Exercise:
Write out exactly the lines of the entries below from the one holding "وأشار إلى أن" to the one holding "3/4 SLEEVE V-NECK CINCHED WAIST TOP", inclusive, and leave out all other lines.

Source data:
□ □ □ □
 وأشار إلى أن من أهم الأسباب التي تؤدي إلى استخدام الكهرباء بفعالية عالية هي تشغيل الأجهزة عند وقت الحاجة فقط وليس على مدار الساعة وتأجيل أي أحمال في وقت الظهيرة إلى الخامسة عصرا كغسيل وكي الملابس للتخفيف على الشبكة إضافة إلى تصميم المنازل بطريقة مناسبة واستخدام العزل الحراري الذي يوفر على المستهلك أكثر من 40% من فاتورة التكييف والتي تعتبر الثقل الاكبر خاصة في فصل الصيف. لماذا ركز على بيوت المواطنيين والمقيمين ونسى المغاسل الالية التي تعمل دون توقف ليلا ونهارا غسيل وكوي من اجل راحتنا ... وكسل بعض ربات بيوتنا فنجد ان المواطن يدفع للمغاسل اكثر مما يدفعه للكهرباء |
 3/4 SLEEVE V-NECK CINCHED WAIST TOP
□ □ □ □
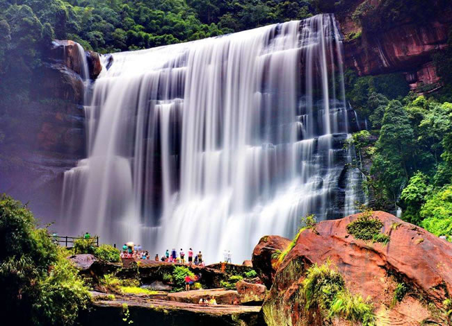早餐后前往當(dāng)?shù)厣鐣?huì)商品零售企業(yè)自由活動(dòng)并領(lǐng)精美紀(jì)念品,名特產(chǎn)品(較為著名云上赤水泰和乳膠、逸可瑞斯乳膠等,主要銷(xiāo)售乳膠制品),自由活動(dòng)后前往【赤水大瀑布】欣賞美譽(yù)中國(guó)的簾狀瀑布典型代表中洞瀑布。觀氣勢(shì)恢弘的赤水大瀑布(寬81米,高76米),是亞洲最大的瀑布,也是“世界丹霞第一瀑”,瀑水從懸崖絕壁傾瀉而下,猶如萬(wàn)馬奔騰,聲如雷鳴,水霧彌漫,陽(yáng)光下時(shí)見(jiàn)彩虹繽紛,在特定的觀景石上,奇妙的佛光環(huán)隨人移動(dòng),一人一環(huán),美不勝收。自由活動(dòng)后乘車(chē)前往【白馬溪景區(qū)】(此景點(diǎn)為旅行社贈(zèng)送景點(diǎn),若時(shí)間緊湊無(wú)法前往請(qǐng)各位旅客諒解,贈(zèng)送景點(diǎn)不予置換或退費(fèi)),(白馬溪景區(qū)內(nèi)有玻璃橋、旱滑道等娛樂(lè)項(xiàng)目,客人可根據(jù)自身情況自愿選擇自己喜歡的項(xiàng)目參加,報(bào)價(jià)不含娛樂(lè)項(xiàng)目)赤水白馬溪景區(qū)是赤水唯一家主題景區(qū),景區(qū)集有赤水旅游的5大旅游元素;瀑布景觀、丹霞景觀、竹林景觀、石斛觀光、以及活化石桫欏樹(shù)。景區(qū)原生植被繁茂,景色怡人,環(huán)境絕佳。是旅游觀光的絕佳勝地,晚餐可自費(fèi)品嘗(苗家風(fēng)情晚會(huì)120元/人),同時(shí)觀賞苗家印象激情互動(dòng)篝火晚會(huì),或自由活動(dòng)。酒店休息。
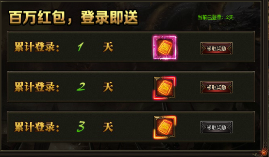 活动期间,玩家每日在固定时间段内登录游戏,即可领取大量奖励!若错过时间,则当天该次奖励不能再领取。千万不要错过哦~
□ □ □ □
Response area:
 وأشار إلى أن من أهم الأسباب التي تؤدي إلى استخدام الكهرباء بفعالية عالية هي تشغيل الأجهزة عند وقت الحاجة فقط وليس على مدار الساعة وتأجيل أي أحمال في وقت الظهيرة إلى الخامسة عصرا كغسيل وكي الملابس للتخفيف على الشبكة إضافة إلى تصميم المنازل بطريقة مناسبة واستخدام العزل الحراري الذي يوفر على المستهلك أكثر من 40% من فاتورة التكييف والتي تعتبر الثقل الاكبر خاصة في فصل الصيف. لماذا ركز على بيوت المواطنيين والمقيمين ونسى المغاسل الالية التي تعمل دون توقف ليلا ونهارا غسيل وكوي من اجل راحتنا ... وكسل بعض ربات بيوتنا فنجد ان المواطن يدفع للمغاسل اكثر مما يدفعه للكهرباء |
 3/4 SLEEVE V-NECK CINCHED WAIST TOP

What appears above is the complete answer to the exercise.